El mismo año de su publicación, el distinguido historiador mexicano Francisco de la Maza publicó, en el periódico Novedades, su epístola “A las Décimas de Pita Amor”, concebida, por lo visto, como una suerte de contestación y, a la vez, una sutil reprobación al prólogo escrito para su poemario. También ilustra muy bien un aspecto de Pita: su afán de publicidad y la manera en que operaba en ella esta necesidad de ser escuchada, y en muchos casos, alabada.
Ese juicio resulta muy diferente al de la poeta Margarita Michelena, quien siempre simpatizó con la poesía de Guadalupe Amor. En su artículo “Décimas a Dios y una aventura del alma” publicado pocos meses después, el 9 de agosto de 1953, también en Novedades, Michelena analiza y contempla el último libro de la poeta de modo tal que parece contrarrespuesta a la carta escrita por Francisco de la Maza:
Guadalupe Amor, en estas Décimas a Dios, es todavía investigación desesperada, es todavía el alma sola que frente a fugaz conciencia de sí misma, levanta una vacilante antorcha, y desea que detrás de la luz exigua que la guía se abra esa puerta ante la cual el poeta esgrime sus versos como trágicas ganzúas, ante la que ruega y grita con su sed, su angustia y su deseo [...] este pequeño libro es como el testimonio de que un alma ha emprendido su más alta ventura, la más solemne y difícil de las venturas del espíritu. Y cada uno de estos poemas, aun los más desolados y rebeldes –nunca heréticos, porque todos son deseo de Dios– es ya una oración, es decir, forma superior de poesía, lenguaje secreto y amoroso entre el alma en exilio y Dios y la fértil frescura del Paraíso.[21]

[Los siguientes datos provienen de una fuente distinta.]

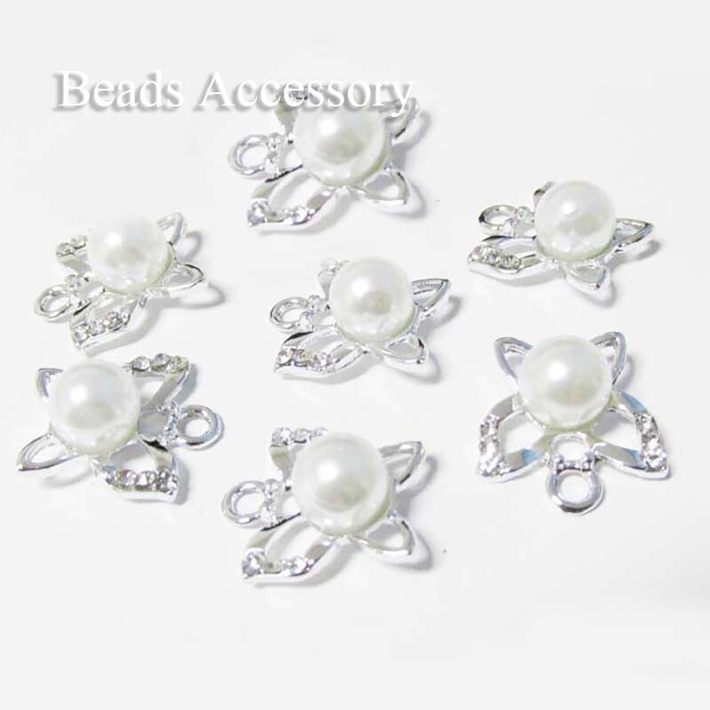 商品名:BA-0398 蝶々にパールとダイヤモンド 18×16mm シルバーカラー 9個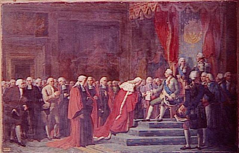 scène historique (Louis XVI, parlementaire, trône, noblesse, cardinal)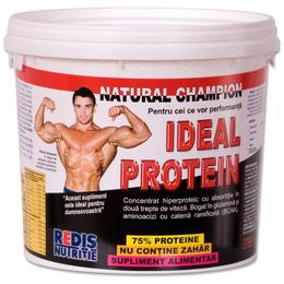 Ideal Protein Redis, aroma de ciocolata, 2000g: concentrat hiperproteic cu absorbtie optima, in doua trepte de viteza, recomandat pentru persoanele ce doresc sa obtina masa musculara. Formula sa eficienta contine 2 surse de proteina - una cu absorbtie rapida (izolat proteic din soia 75%) si una cu absorbtie lenta (concentrat proteic din lapte 25%), pentru a asigura un flux constant de aminoacizi in sange pe o durata de 4-6 ore.

En noviembre de 1955, Pita reapareció con su séptimo libro de poesía, Otro libro de amor, publicado en la colección Tezontle del Fondo de Cultura Económica. Este breve poemario ilustra un cambio notable en cuanto a la temática de sus versos. Si antes ardía “por Dios entero”, ahora su deseo no es otro que el contacto físico de su amado. Es otro libro de amor en el sentido celebratorio: si bien constituye un poemario más de Guadalupe Amor, no es como ningún otro que la poeta hubiera escrito hasta el momento. En enero del siguiente año, María Elena Sodi de Pallares comentó con mucha penetración este último libro de Pita. Según ella, el poemario se destacó por la manera tan racional y, a la vez, sensible con que revela deseos explícitamente carnales. Subrayó la originalidad del libro y su atrevimiento en el reino prohibido del sexo, al mismo tiempo que afirma sus características autobiográficas.

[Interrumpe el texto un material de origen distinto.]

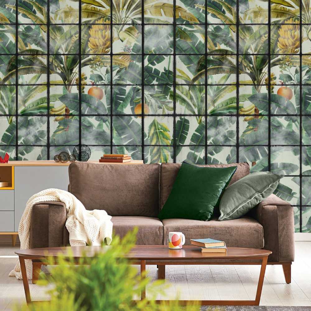 With a luxurious design of an exotic indoor garden, the stunning Orangerie Wallpaper by MINDTHEGAP gives the feeling of an elegant fashionable residence behind a vintage glass wall.

Tres años más tarde llegó a las librerías Sirviéndole a Dios de hoguera (1958) dentro de la colección Tezontle del Fondo de Cultura Económica. Según afirmó su amigo y maestro don Alfonso Reyes, era el mejor de cuantos libros había escrito hasta entonces, y constató que con esta breve obra, Pita había “agarrado el núcleo de la poesía”.
En 1959 en la editorial Grijalbo, Guadalupe Amor publicó su noveno poemario, en este caso, un libro de cincuenta décimas, Todos los siglos del mundo. Esta obra significa una etapa de madurez y depuración en la poesía de la autora, de modo que la décima alcanza, a nivel técnico, su máxima perfección. En las páginas de este libro puede hallarse el contradictorio temperamento de la escritora que se explica y realiza por diversos momentos: del amanecer a la noche, y por dos estados como el tedio que culmina en el encantamiento.
Entre 1960 y 1966 la autora no publicó libro alguno. Se mantuvo alejada de la prensa y apartada del mundo de artistas y estrellas que antes siempre la rodearon. Corresponden al periodo de encierro autoimpuesto por la muerte de su hijo, roto con la publicación de los poemarios Fuga de negras y Como reina de baraja. En 1975, tras casi diez años de silencio poético absoluto, publicó en la editorial v Siglos un “safari luminoso”, ciento sesenta décimas bajo el título de Breve zoológico prehistórico e histórico de Guadalupe Amor dictado a Rodolfo Chávez Parra. Este libro constituye, quizás, una respuesta –aunque muy posterior– a la crítica más tenaz de su obra: la falta de evolución, la ausencia de progreso en cuanto a sus tan repetidos temas metafísicos y a su manera de presentarlos. Aunque estructurados en la tradicional forma de la décima, se observa un cambio radical con respecto a la temática, un cambio que se inició en los dos poemarios de 1966. Quizás fue precisamente por este motivo que los libros escritos después de su encierro voluntario no recibieron la acostumbrada atención en la forma de presentaciones y reseñas.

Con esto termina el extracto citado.